And then Esther brought her letter


The

colonel did not answer at once.

'Do you want to write to him?'

'Yes, papa; I would like it--I would like to write once.'

'What do you want to write to him for?'

'I would like to tell him something that I think it would please him to hear.'

'What is that?'

'It is just something about myself, papa,' Esther said, a little hesitatingly.

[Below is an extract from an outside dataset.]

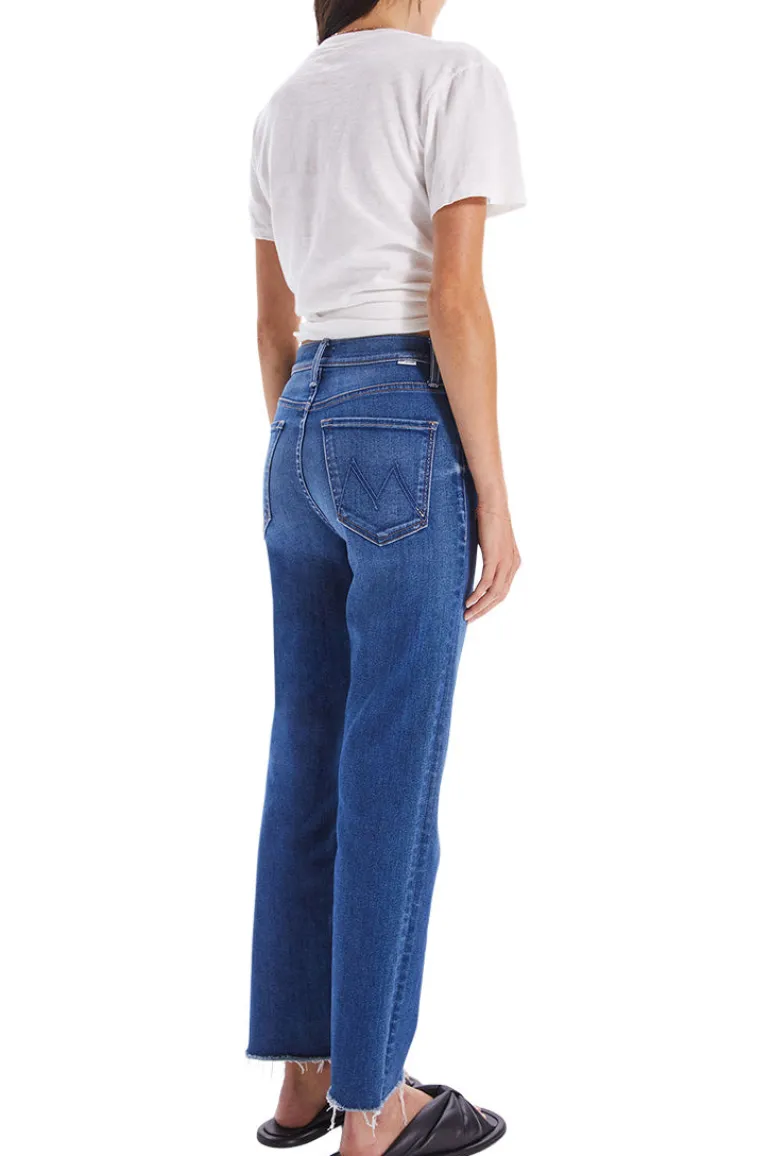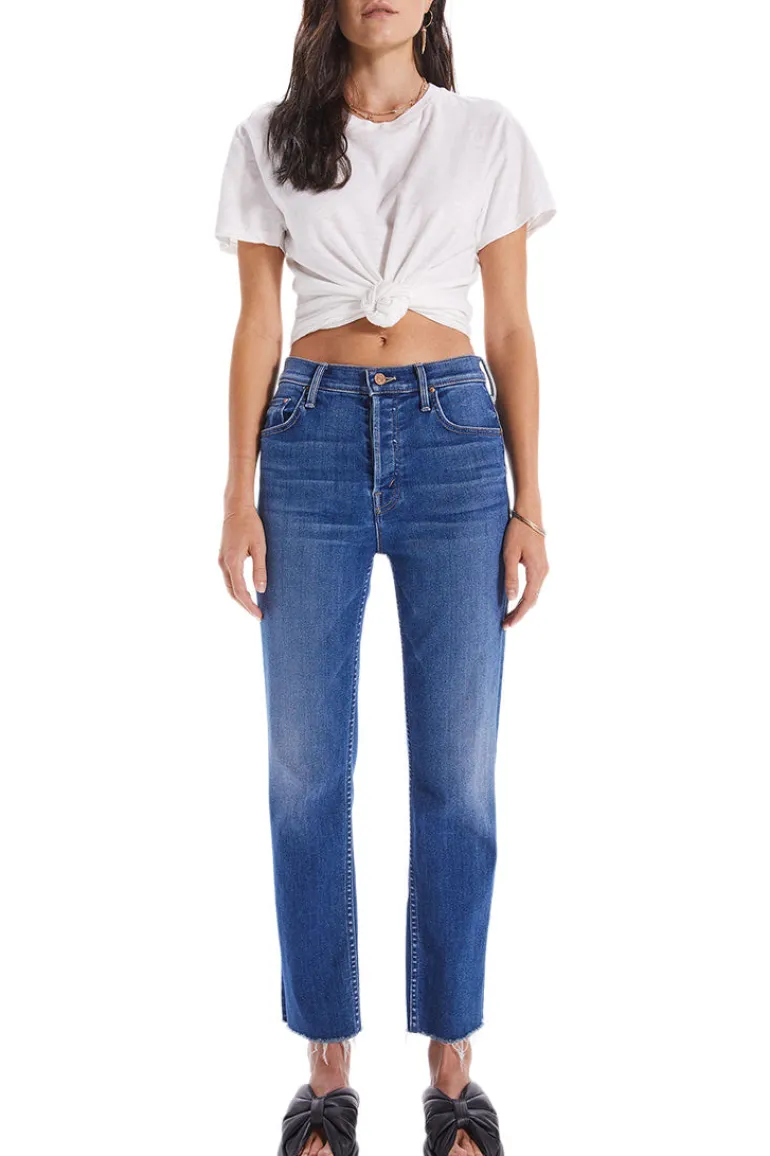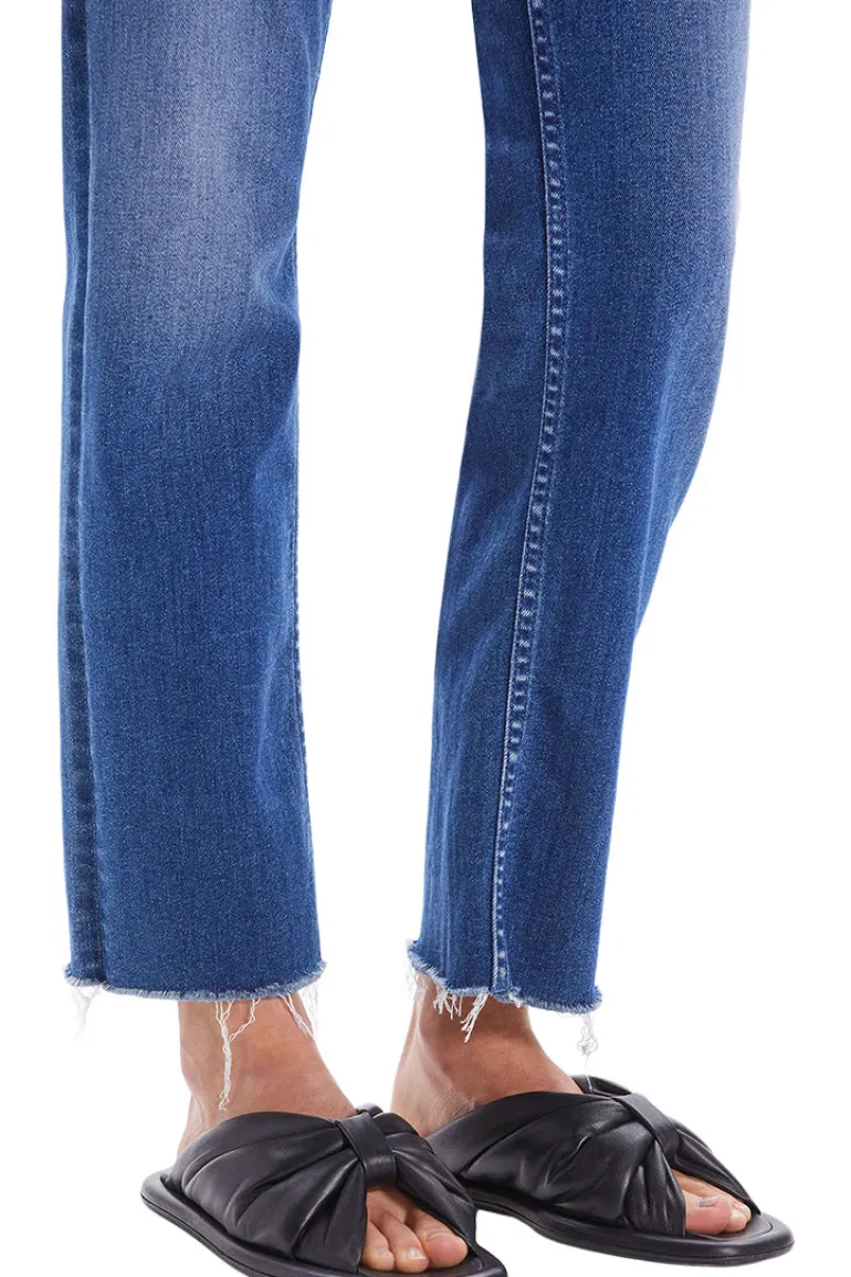High-rise jeans with a straight leg, ankle-length inseam and a frayed hem.

'You may write, and I will enclose it in a letter of mine.'

'Thank you, papa.'

A day or two passed, and then Esther brought her letter. It was closed and sealed. The colonel took it and turned it over.

'There's a good deal of it,' he remarked. 'Was it needful to use so many words?'

'Papa,' said Esther, hesitating, 'I didn't think about how many words I was using.'

'You should have had thinner paper. Why did you seal it up?'

'Papa, I didn't think about that either. I only thought it had got to be sealed.'

'You did not wish to hinder my seeing what you had written?'

'No, papa,' said Esther, a little slowly.

'That

will do.' And he laid the letter on one side, and Esther supposed the matter was disposed of. But when she had kissed him and gone off to bed, the colonel brought the letter before him again, looked at it, and finally broke the seal and opened it. There was a good deal of it, as he had remarked.

'Seaforth, _May_ 11, 1815. 'MY DEAR PITT,--Papa has given me leave to write a letter to you; and I wanted to write, because I have something to tell you that I think you will be glad to hear. I am afraid I cannot tell it very well, for I am not much accustomed to writing letters; but I will do as well as I can.

'I am afraid it will take me some time to say what I want to say. I cannot put it in two or three sentences. You must have patience with me.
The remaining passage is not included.